Leave the pictures out and print, word for word, the lines below from the one with "反滲透膜運行一定時間后, 污染物會在膜表面沉積, 需要定期進行化學清洗以完全恢復膜性能。" through the final line.

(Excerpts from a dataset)
****************************************
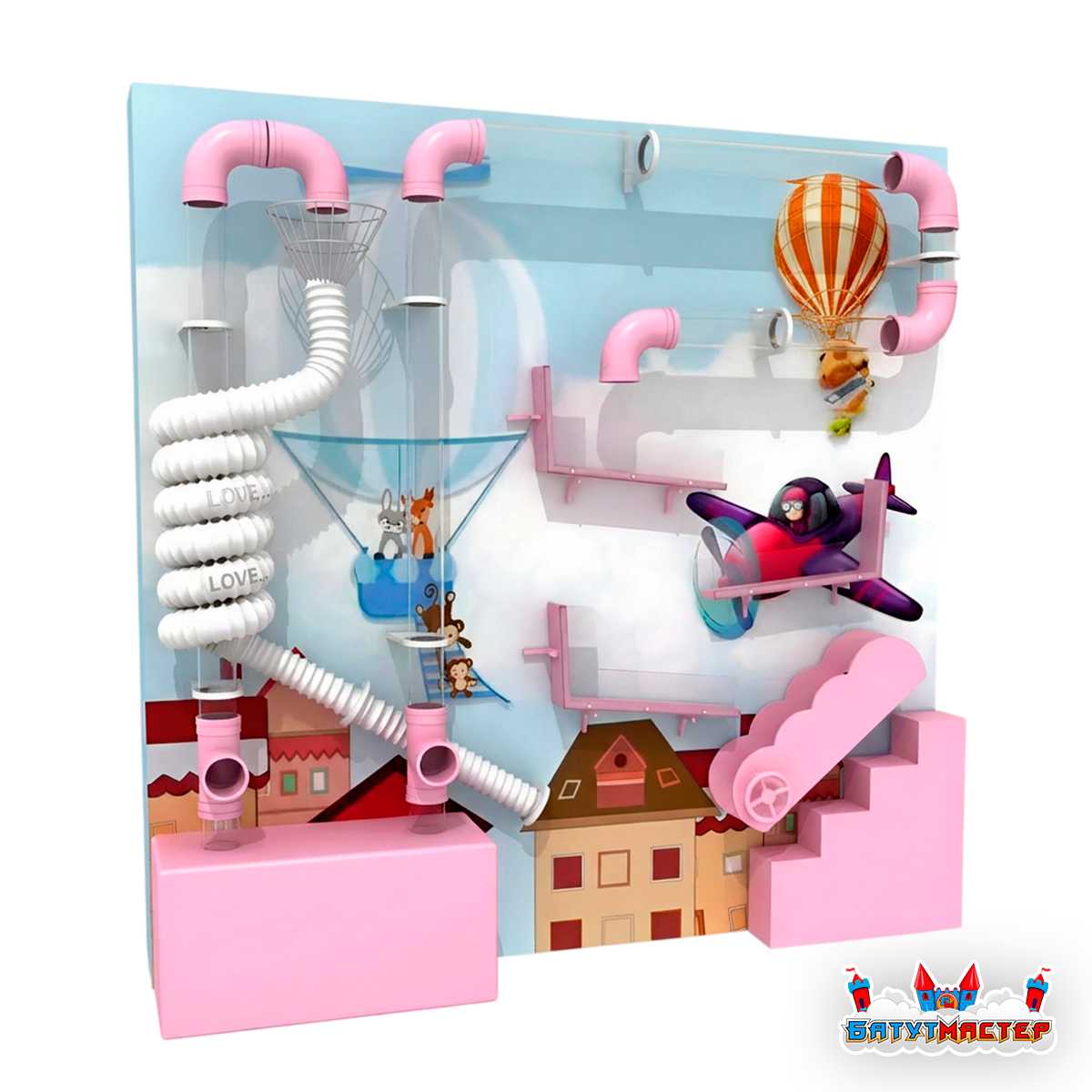 Основой пневмолабиринта является поток воздуха, который подхватывает лёгкие шарики и запускает их в движение по системе прозрачных труб.
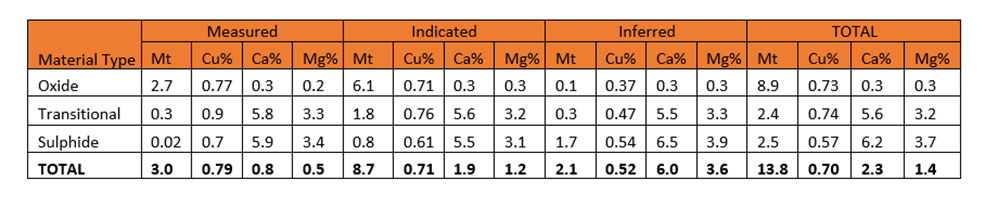 An updated mining study was completed by CSA Global in April 2021 resulting in a JORC 2012 compliant Ore Reserve of 5.1Mt grading 0.94% Cu containing 47.7Kt of copper. The ore will be mined from two pits over a 40 month period. Total recovered copper from the heap leach process will be 40.4Kt over a 44 month period.
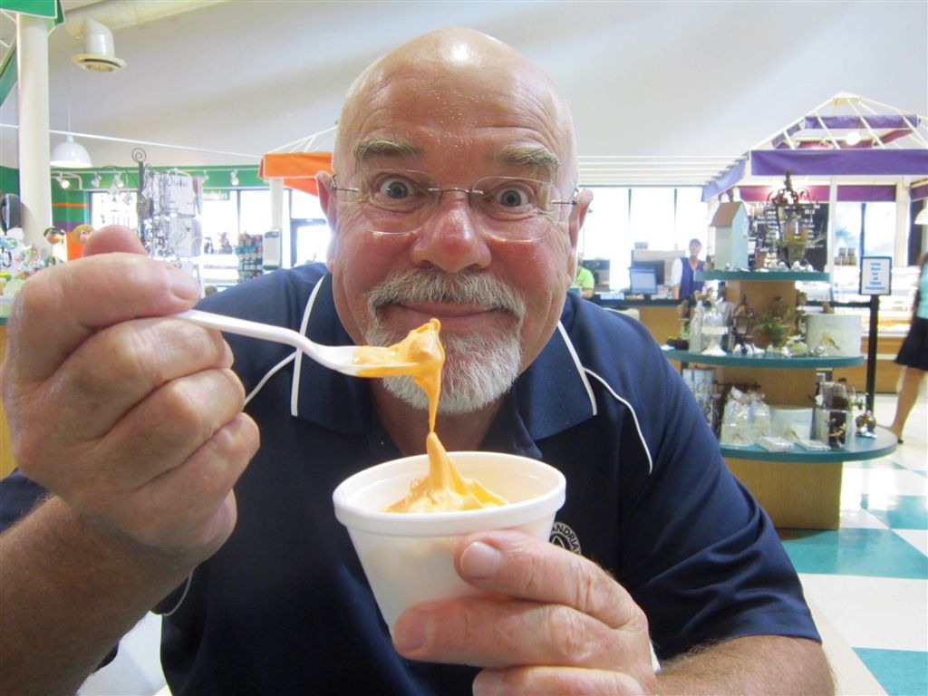 [When you’re “of age,” two things are crucial when you’re on the road – availability of restrooms and . . . availability of orange ice cream dispensers. Rog was delighted we found this place for him in his neighborhood! 😉 ]
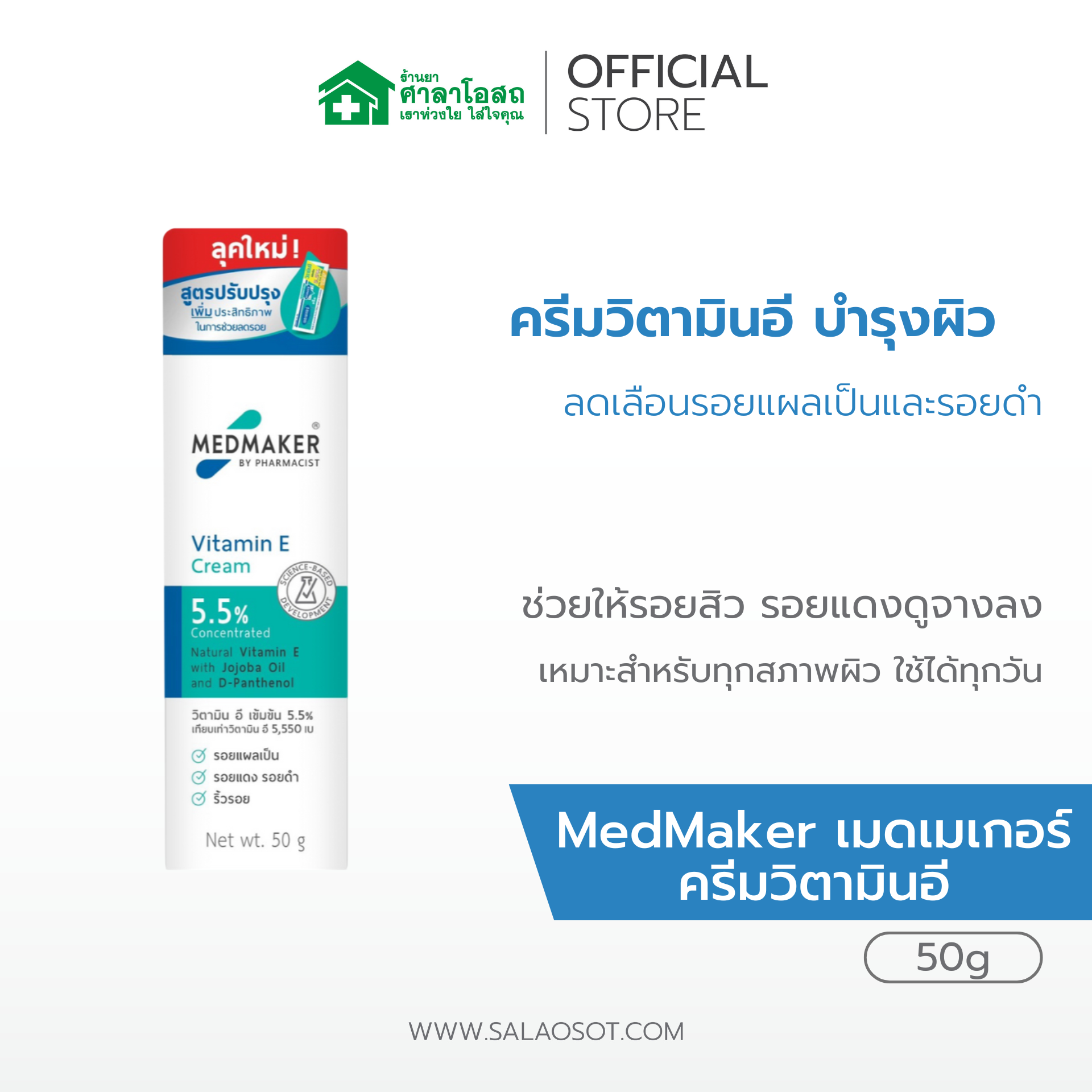 ส่วนประกอบสำคัญ - Vitamin E 5.5%, Jojoba Oil - D-Panthenol (Pro-Vitamin B5) - Sodium PCA in MEDMAKER® non-comedogenic cream base
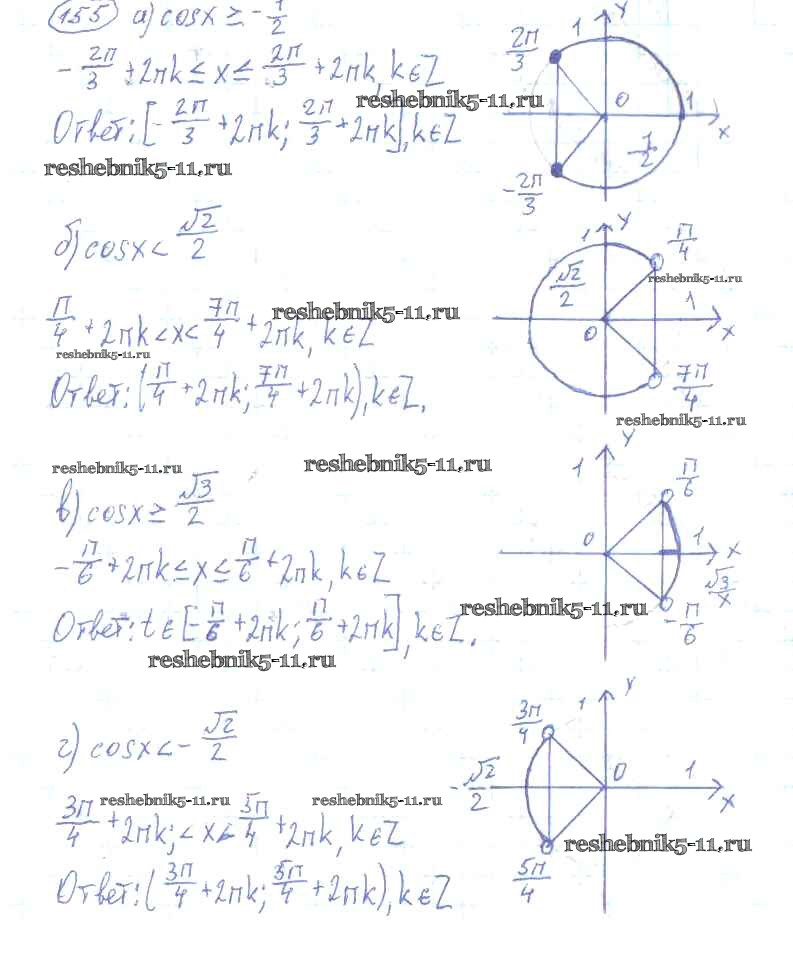 Готовая домашняя работа с ответами по Алгебре за 10, 11 класс Колмогоров, Абрамов, Дудницын, Ивлев, Шварцбурд Учебник Просвещение 2008 ФГОС - Упражнения 155
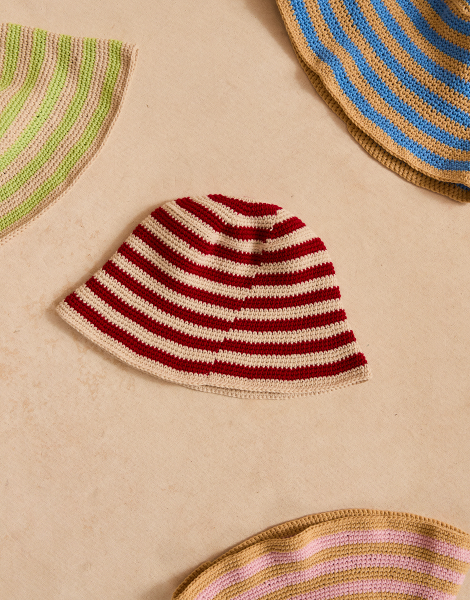 Using just two balls, crochet the Throw Some Shade Bucket Hat- a summer essential! Work the stitches in double crochet and alternate shades for a stripey result.
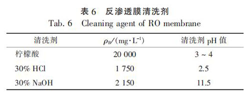 反滲透膜運行一定時間后, 污染物會在膜表面沉積, 需要定期進行化學清洗以完全恢復膜性能。 本系統設計清洗周期為 3 個月, 清洗包括循環、 浸泡、 沖洗 3 個過程, 將清洗劑引入反滲透膜 組 , 按 每 支 膜 11.4 L / min 的 流 量 循 環 5 ~ 15min, 再將單支膜流量調至 22.8 L / min 循環 5 ~ 15min, 然后再將單支膜流量調至 35 L / min 循環 30 ~60 min, 隨后進入浸泡階段, 1 ~ 2 h 后進行沖洗,直至濃水電導率與進水電導率相同。 反滲透膜采用先酸洗后堿洗的步驟進行, 酸洗和堿洗均經過上述過程, 酸洗劑可選用檸檬酸或 HCl, 堿洗劑選用 NaOH。 清洗劑選擇見表 6。
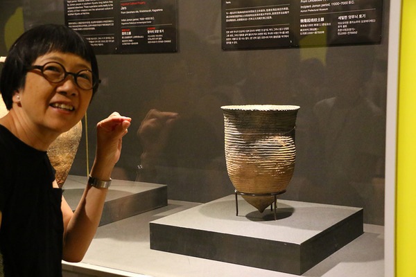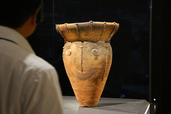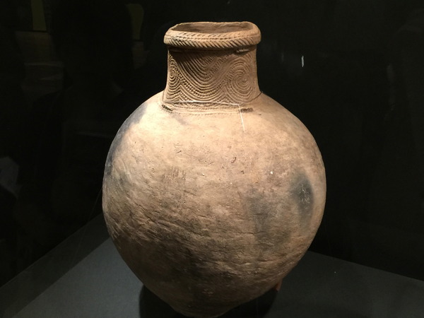 土器全体に線の模様がついていて 縁には手でつまんで 模様をつけているのがわかりますか?
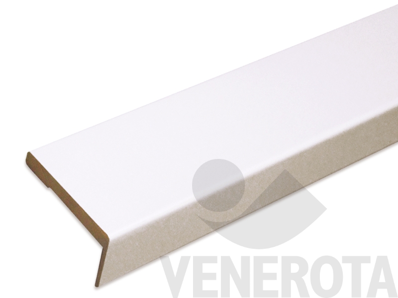 Coprifilo in legno multistrato con aletta maggiorata, colore laminatino bianco per porte interne, dimensione 85x10 mm.
****************************************
# Solution to this task
 反滲透膜運行一定時間后, 污染物會在膜表面沉積, 需要定期進行化學清洗以完全恢復膜性能。 本系統設計清洗周期為 3 個月, 清洗包括循環、 浸泡、 沖洗 3 個過程, 將清洗劑引入反滲透膜 組 , 按 每 支 膜 11.4 L / min 的 流 量 循 環 5 ~ 15min, 再將單支膜流量調至 22.8 L / min 循環 5 ~ 15min, 然后再將單支膜流量調至 35 L / min 循環 30 ~60 min, 隨后進入浸泡階段, 1 ~ 2 h 后進行沖洗,直至濃水電導率與進水電導率相同。 反滲透膜采用先酸洗后堿洗的步驟進行, 酸洗和堿洗均經過上述過程, 酸洗劑可選用檸檬酸或 HCl, 堿洗劑選用 NaOH。 清洗劑選擇見表 6。
 土器全体に線の模様がついていて 縁には手でつまんで 模様をつけているのがわかりますか?
 Coprifilo in legno multistrato con aletta maggiorata, colore laminatino bianco per porte interne, dimensione 85x10 mm.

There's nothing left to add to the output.